[[ SUPPLIED ENTRIES, beginning ]]
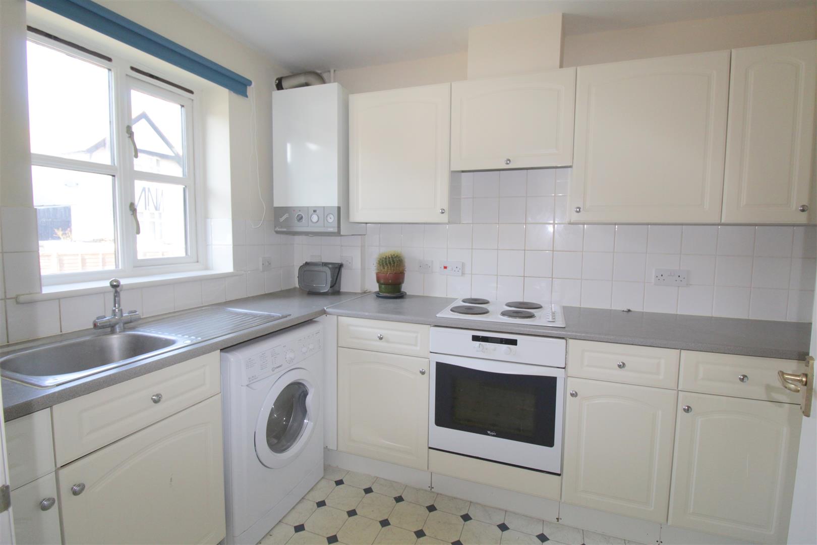 Light and bright kitchen with double glazed window overlooking Chertsey Road, ample matching white eye and base level cupboards. Fitted appliances include an electric oven and hob, built in oven, washing machine, and stainless steel sink, drainer mixer tap situated below the window.
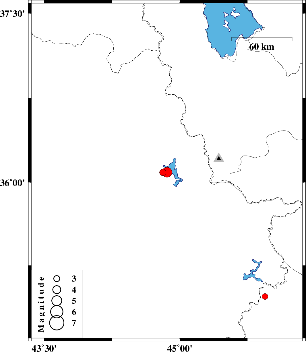 | 2017/08/23 | 13:42:53.5 | 18:12:53.5 | 36.09 | 44.859 | 15 | ML:5 | Iraq, 55 km -West of Sardasht | ||
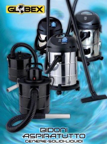 Bidone Aspira Solidi-Liquidi (20 e 30 lt. - 1200 Watt), con fusto interamente in acciaio inox, è dotato di presa per elettroutensili montata sulla scocca per un utilizzo combinato con trapani, martelli pneumatici ecc; Bidone Aspira Solidi-Liquidi-Cenere (15+15 lt. - 1200 Watt), con fusto interamente in acciaio inox, ha un doppio serbatoio che consente l’aspirazione anche di ceneri da stufe, caminetti e barbecue; Aspiracenere Elettrico “Tornado” (18 lt. - 1200 Watt), ha il fusto interamente in acciaio verniciato con tubo flessibile in alluminio rivestito in plastica; è un ottimo strumento per rimuovere la cenere da stufe, caminetti e barbecue.
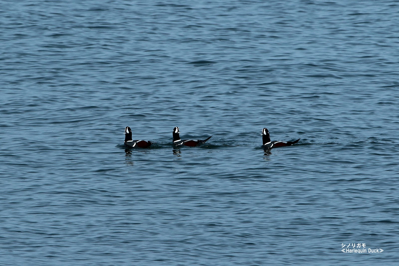 | シロエリオオハム≪Pacific Diver/Loom≫ クロガモ ≪Black Scoter≫ ウトウ ≪Rhinoceros Auklet≫ の編隊飛行 |
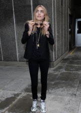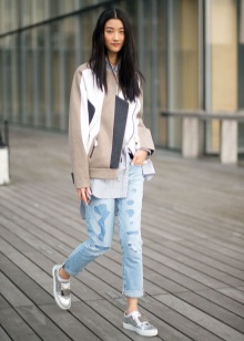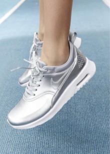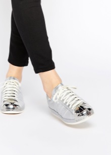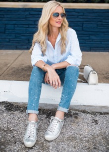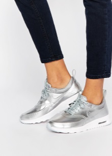 Silver sneakers have long been considered universal, just like black or beige shoes. Even simple jeans combined with them will look advantageous.
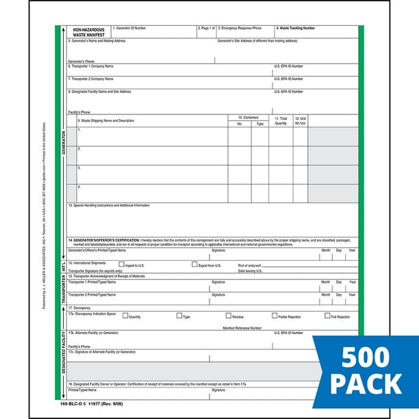 Jj Keller 10498 $356 95 Non Hazardous Waste Manifest PK500 Zoro com
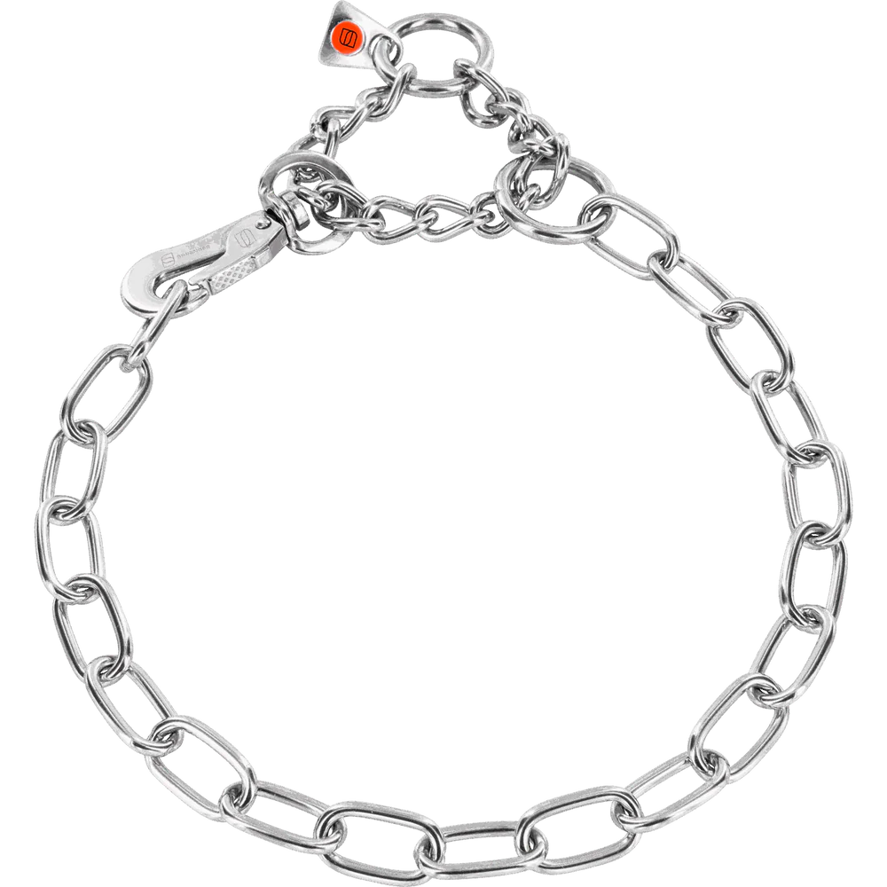 Ryðfríju stálkeðjurnar eru endingarbetri þökk sé notkun á ryðfríu heilu efni – sem gerir þær sjálfbærari, öruggari vegna mikils brotálags og mun auðveldari í umhirðu en hefðbundin hálsól úr nylon eða leðri.
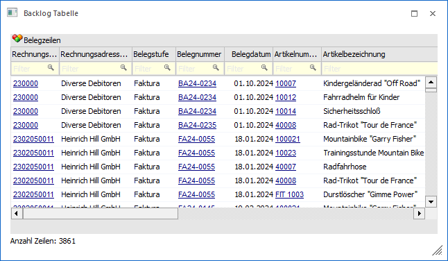 Die Basis der Belegzeilen in der Tabelle bildet immer die Selektion im Backlog. D.h. in der Tabelle kann dieses Datenmaterial nur weiter eingeschränkt werden.
[[ SUPPLIED ENTRIES, end ]]
DIRECTIONS: Drop the pictures; return the lines above from the line containing "Sardasht | ||" to the line containing "Ryðfríju stálkeðjurnar eru", both included, exactly.

EXPECTED ANSWER:
 | 2017/08/23 | 13:42:53.5 | 18:12:53.5 | 36.09 | 44.859 | 15 | ML:5 | Iraq, 55 km -West of Sardasht | ||
 Bidone Aspira Solidi-Liquidi (20 e 30 lt. - 1200 Watt), con fusto interamente in acciaio inox, è dotato di presa per elettroutensili montata sulla scocca per un utilizzo combinato con trapani, martelli pneumatici ecc; Bidone Aspira Solidi-Liquidi-Cenere (15+15 lt. - 1200 Watt), con fusto interamente in acciaio inox, ha un doppio serbatoio che consente l’aspirazione anche di ceneri da stufe, caminetti e barbecue; Aspiracenere Elettrico “Tornado” (18 lt. - 1200 Watt), ha il fusto interamente in acciaio verniciato con tubo flessibile in alluminio rivestito in plastica; è un ottimo strumento per rimuovere la cenere da stufe, caminetti e barbecue.
 | シロエリオオハム≪Pacific Diver/Loom≫ クロガモ ≪Black Scoter≫ ウトウ ≪Rhinoceros Auklet≫ の編隊飛行 |
 Silver sneakers have long been considered universal, just like black or beige shoes. Even simple jeans combined with them will look advantageous.
 Jj Keller 10498 $356 95 Non Hazardous Waste Manifest PK500 Zoro com
 Ryðfríju stálkeðjurnar eru endingarbetri þökk sé notkun á ryðfríu heilu efni – sem gerir þær sjálfbærari, öruggari vegna mikils brotálags og mun auðveldari í umhirðu en hefðbundin hálsól úr nylon eða leðri.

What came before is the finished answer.